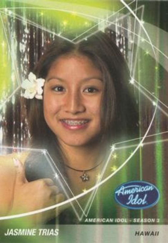 The Jasmine Trias 2004 Fleer American Idol Season 3 #6 Base card is 1 of 9 Jasmine Trias' card variations in the 2004 Fleer American Idol Season 3 set being tracked by Sports Card Investor, including Base, Gold, Platinum, Idol Chatter, and Reality Bits Wardrobe.
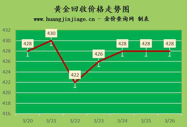 黄金回收价格428元/克,铂金回收价格188元/克,钯金回收价格290元/克,18K金回收价格306元/克,银条回收价格3.6元/克。(黄金行情是波动的,回收金价没有固定标准。)
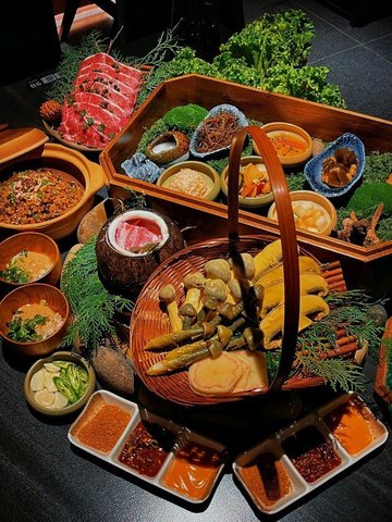 琼·原椰乳浸胸肋肉 / 澳洲M9雪花和牛 / 云·木姜子和牛三筋 / 湘·樟树港辣椒牛肋条 / 黄油山菌拼盘 / 云·熟成香茅黄油鸡
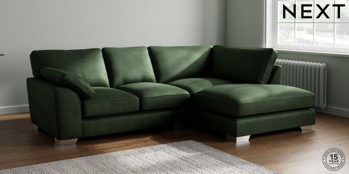 7.3.1 Buy Stamford Grand Relaxed Sit Medium Corner Chaise - Right Hand Luxe Chenille Dark Green Large Square Angle - Chrome Metal from the Next UK online shop Click here to use our accessible website
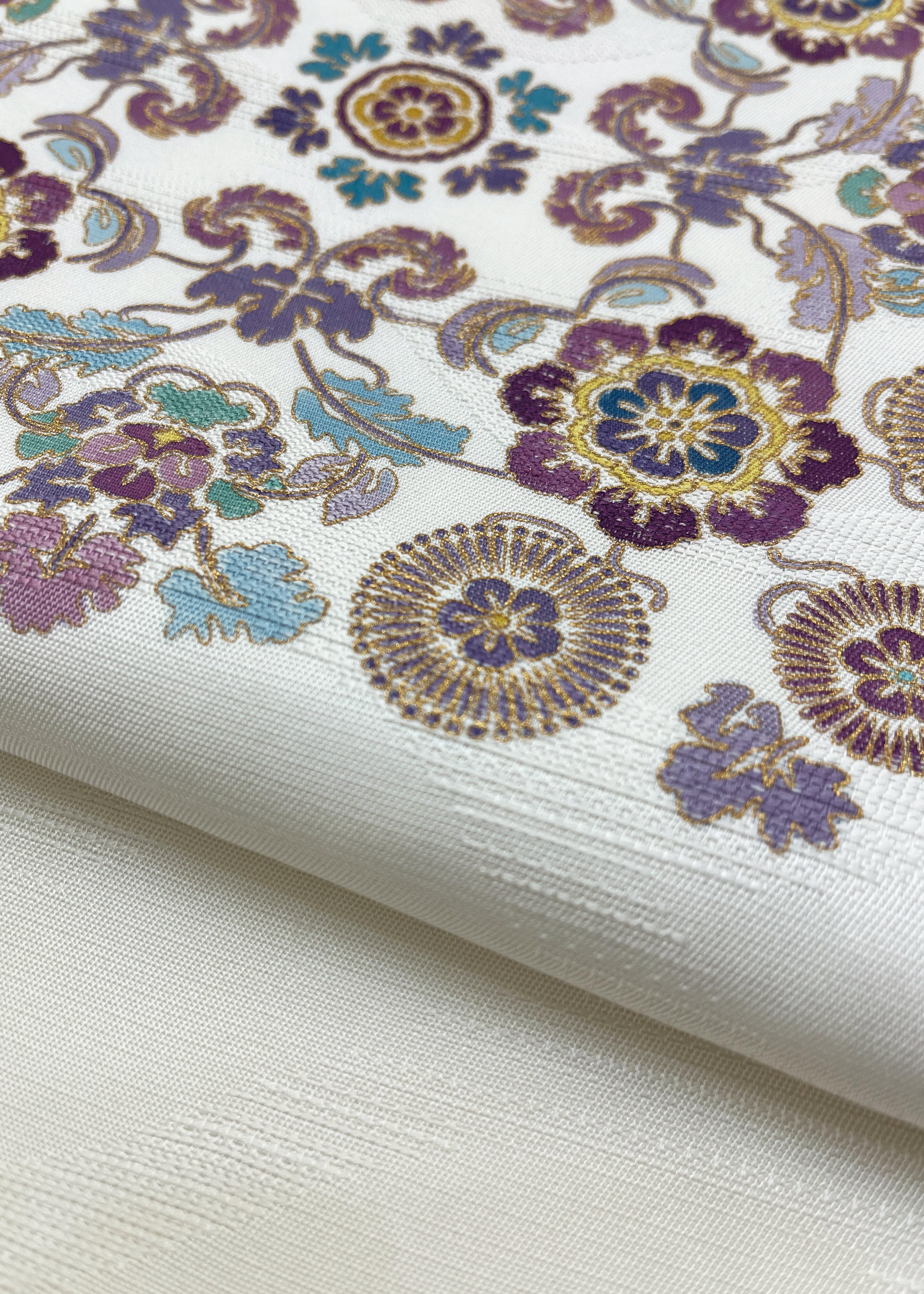 白地に波の地模様が織り出され、更紗のお柄が染めだされた袋帯です。染られた柄の輪郭を金で描き出しています。紬ではなく、色無地などに合わせていただけば、クラスアップの装いとなります。

■ Problem requirements ■
Your reply must contain each entry exactly as written and no pictures.

■ Answer section ■
 The Jasmine Trias 2004 Fleer American Idol Season 3 #6 Base card is 1 of 9 Jasmine Trias' card variations in the 2004 Fleer American Idol Season 3 set being tracked by Sports Card Investor, including Base, Gold, Platinum, Idol Chatter, and Reality Bits Wardrobe.
 黄金回收价格428元/克,铂金回收价格188元/克,钯金回收价格290元/克,18K金回收价格306元/克,银条回收价格3.6元/克。(黄金行情是波动的,回收金价没有固定标准。)
 琼·原椰乳浸胸肋肉 / 澳洲M9雪花和牛 / 云·木姜子和牛三筋 / 湘·樟树港辣椒牛肋条 / 黄油山菌拼盘 / 云·熟成香茅黄油鸡
 7.3.1 Buy Stamford Grand Relaxed Sit Medium Corner Chaise - Right Hand Luxe Chenille Dark Green Large Square Angle - Chrome Metal from the Next UK online shop Click here to use our accessible website
 白地に波の地模様が織り出され、更紗のお柄が染めだされた袋帯です。染られた柄の輪郭を金で描き出しています。紬ではなく、色無地などに合わせていただけば、クラスアップの装いとなります。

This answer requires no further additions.